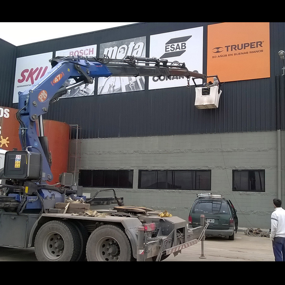 37- Fondo de chapa trapezoidal pintada, letras corpóreas en polyfan pintado con contra letra de chapa.
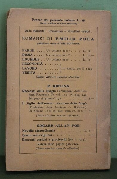 In 16°, pp. 323, (3). Brossura editoriale. Leggeri segni del tempo alla copertina. Tagli leggermente ingialliti. Copia in buono stato, a fogli chiusi. Collana: Romanzieri e Novellieri celebri.
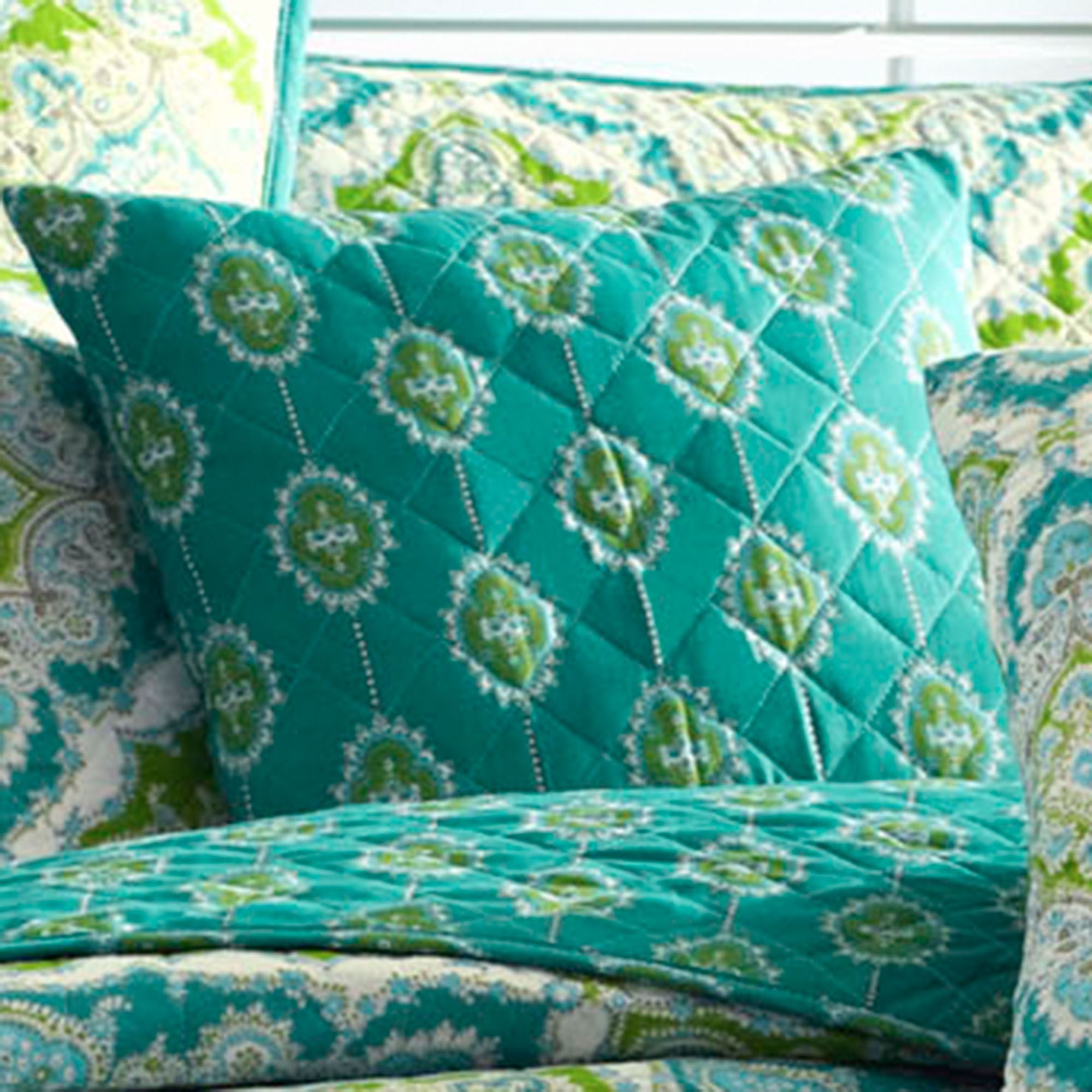 Bright shades of turquoise, lime, white, and light taupe burst across the Zoie Decorative Pillows by J. Queen New York. The tailored, cotton pillows have diamond quilting and reverse to the same design. The 16" Square features mini medallions. The 18" Square has all-over scrolling medallions. Fill is polyester. Spot clean. Imported.

Directions for this task =>
Start to finish, write out the data above exactly, omitting all pictures.

Exercise answer =>
 37- Fondo de chapa trapezoidal pintada, letras corpóreas en polyfan pintado con contra letra de chapa.
 In 16°, pp. 323, (3). Brossura editoriale. Leggeri segni del tempo alla copertina. Tagli leggermente ingialliti. Copia in buono stato, a fogli chiusi. Collana: Romanzieri e Novellieri celebri.
 Bright shades of turquoise, lime, white, and light taupe burst across the Zoie Decorative Pillows by J. Queen New York. The tailored, cotton pillows have diamond quilting and reverse to the same design. The 16" Square features mini medallions. The 18" Square has all-over scrolling medallions. Fill is polyester. Spot clean. Imported.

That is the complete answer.